Enrichment
Trouble at'Mill
19th January 2023
“Daddy, it looks like a monster has come down and taken a bite out of that building” was the comment from my son as we drove past the site of the Lily Mill in Shaw, in Oldham last week. He was right. It did, and without much fanfare or ceremony the mill was gone. Another part of Oldham’s industrial past consigned to the history books as it moves from a town with a cotton mill for every day of the year, to just enough mills to see us through to the end of the month.
From 1904 to 1977 the Lily Number 1 mill produced cotton - seeing both Oldham’s zenith as the worlds biggest cotton producing town, and the final death throes of the industry as mill after mill closed down, as deindustrialisation took a hold of the town.
But the Lily site was to get a second life. She was repurposed, being purchased by the Littlewoods Mail Order group in the late 1970s and converted into an 'ultra modern mail-order warehouse'. If the damp atmosphere, plentiful supply of coal, engineering innovations and a workforce skilled in textile manufacture led to the growth of Oldham as a cotton manufacturing powerhouse, then Oldham fell on its feet as it became a centre for catalogue distribution.
When stripped of the spindles and industrial machinery, mills such as the Lily were simply enormous spaces, perfectly suited to the storage of, quite literally, a catalogue’s worth of products.

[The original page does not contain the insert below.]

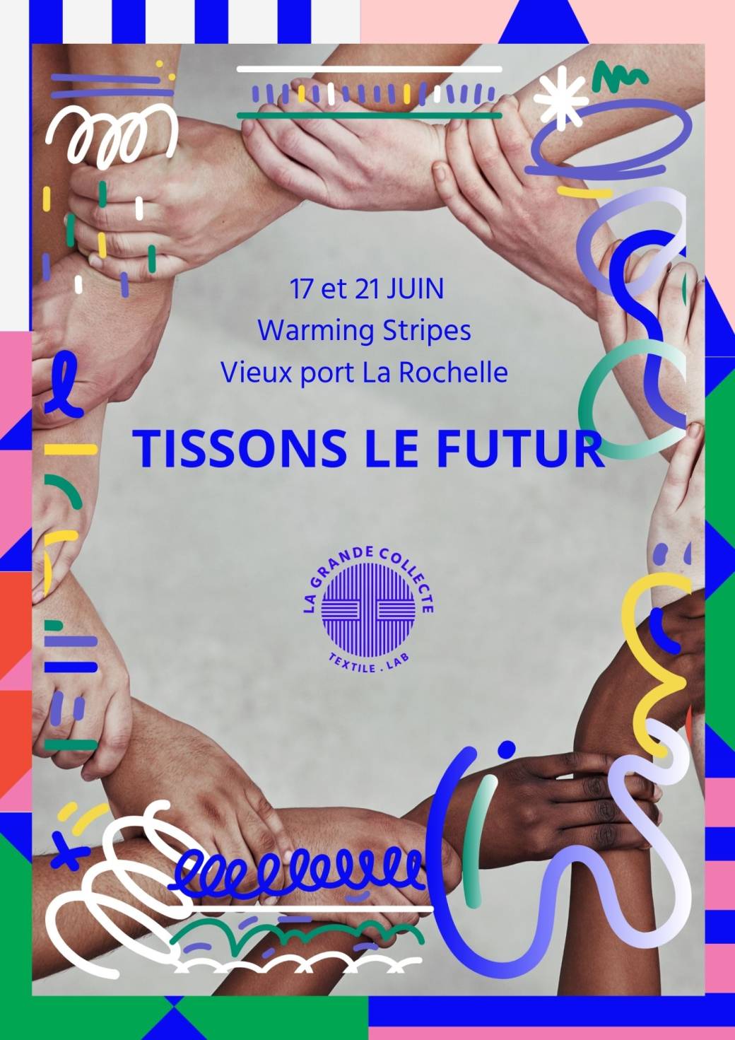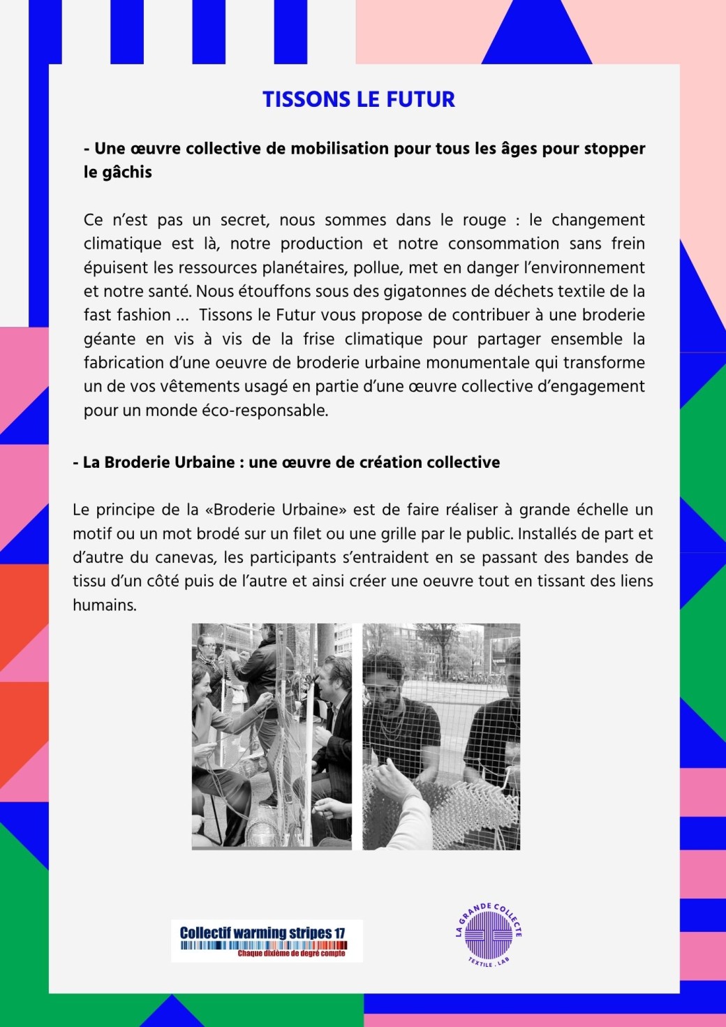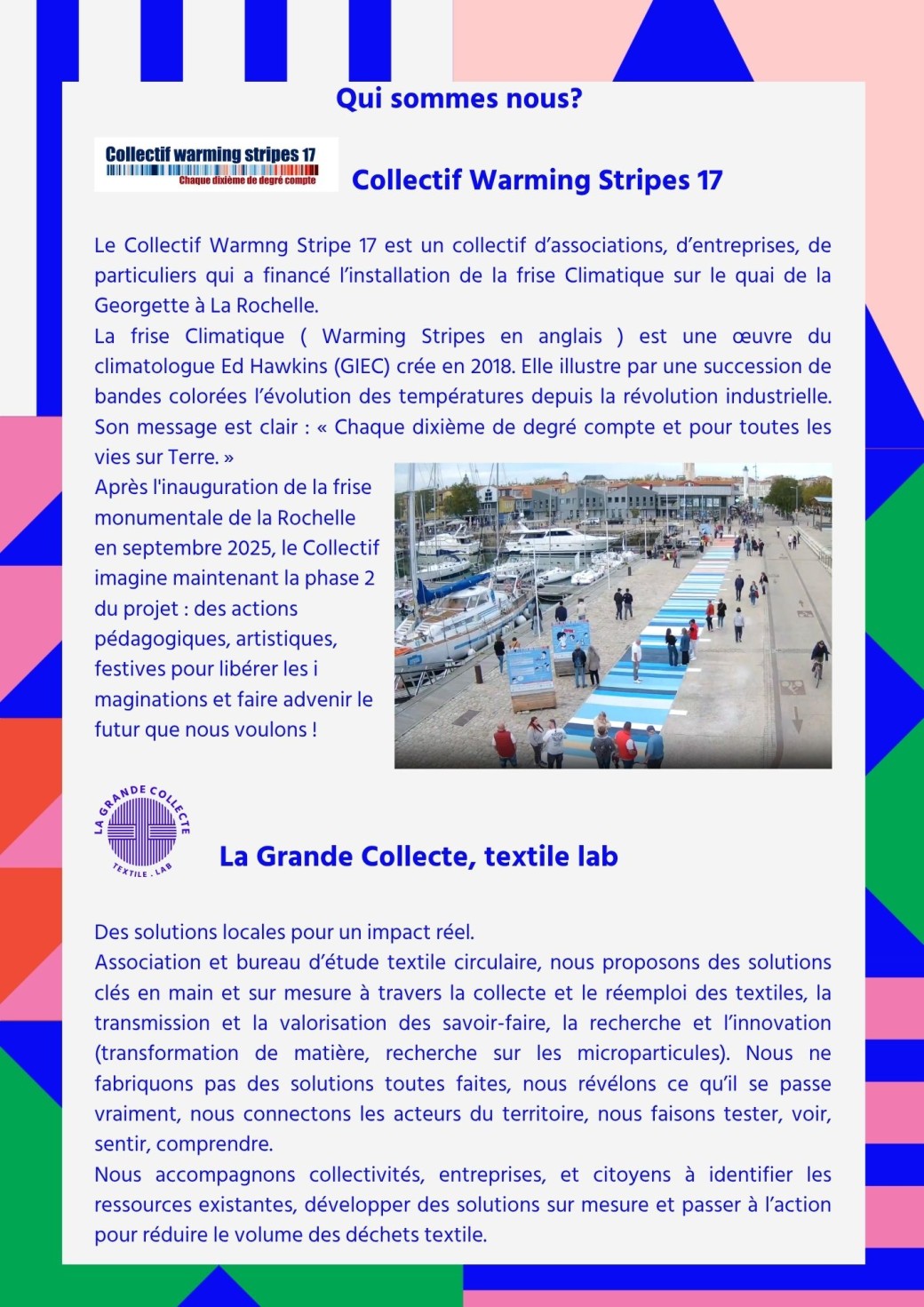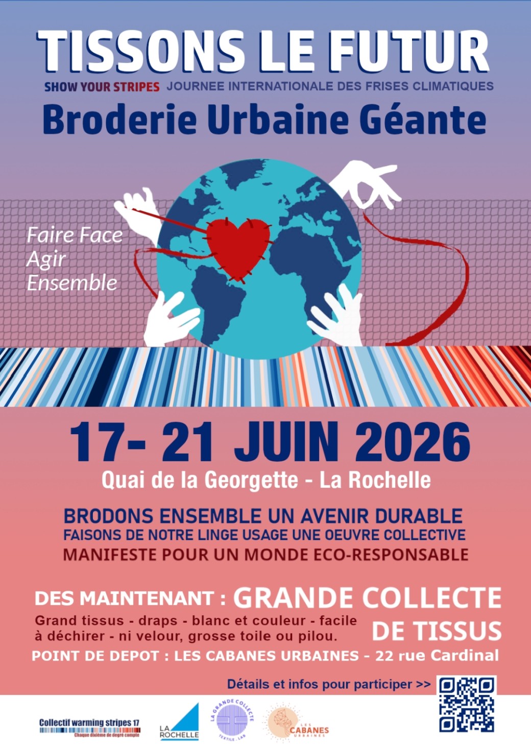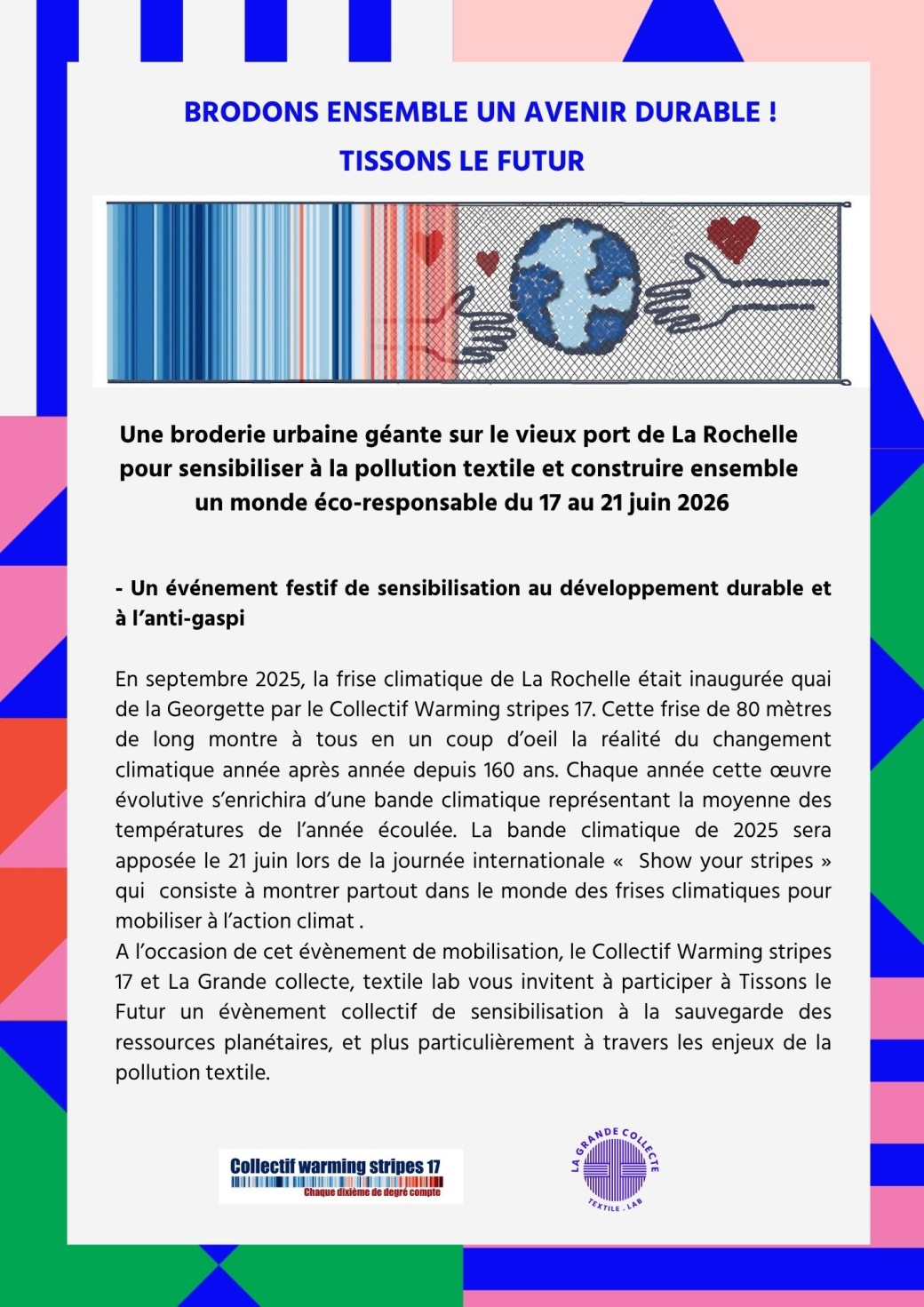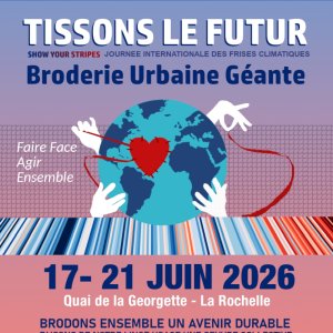 En septembre 2025, la frise climatique de La Rochelle était inaugurée quai de la Georgette par le Collectif Warming stripes 17. Cette frise de 80 mètres de long montre à tous en un coup d’oeil la réalité du changement climatique année après année depuis 160 ans. Chaque année cette œuvre évolutive s’enrichira d’une bande climatique représentant la moyenne des températures de l’année écoulée. La bande climatique de 2025 sera apposée le 21 juin lors de la journée internationale « Show your stripes » qui consiste à montrer partout dans le monde des frises climatiques pour mobiliser à l’action climat . A l’occasion de cet évènement de mobilisation, le Collectif Warming stripes 17 et La Grande collecte, textile lab vous invitent à participer à Tissons le Futur un évènement collectif de sensibilisation à la sauvegarde des ressources planétaires, et plus particulièrement à travers les enjeux de la pollution textile. Un événement festif de sensibilisation au développement durable et à l’anti-gaspi

Added to this, was its location - with two junctions of the M62 within 3 miles of the complex, its connectivity to England's' motorway network was almost perfect as a National Distribution Centre. And there was the available force of former millworkers, looking for gainful employment. Home shopping quickly replaced cotton manufacturing as one of the dominant employers in the town - in 2000 the site employed over 1000 people and was Oldham’s largest private employer.
However, despite growing to what was said to have been one of the largest warehouses in the world, the site didn't move with the times and so the popularity of this site waned. Somewhat ironically automation led to the terminal decline of a building for which automation was once the thing that fuelled its success, and in 2018 it was announced that the Very Group were closing the site and relocating to a new distribution facility in the East Midlands. The move to a new state-of-the-art distribution centre was much more cost effective than updating and upgrading the Lily site.
The future for the mill is, as one might expect, housing. There is an acute need for housing in the North West and the development of this brownfield site is planned to include 400 new dwellings and open spaces for community use. This regeneration of the River Beal area is welcomed by many, who view the current site as an eyesore.
Its proximity to Manchester, Leeds, and the other large settlements along the M62 corridor, will make it attractive to commuters, and the 1600 new residents will (hopefully) enhance the local economy. However, stress and strain on the existing infrastructure and services may be a price that has to be paid as part of this redevelopment. Will the transport networks, council services, NHS provision and education facilities be able to support this influx of people into the area?
Might the 'monster', that has by now totally demolished the 100 year old Lily mill, in which my own Grandmother worked, create a bigger monster for the area when construction is complete? Or will this urban regeneration project make this site a brown(field) and pleasant land rising from the so called dark, satanic mills?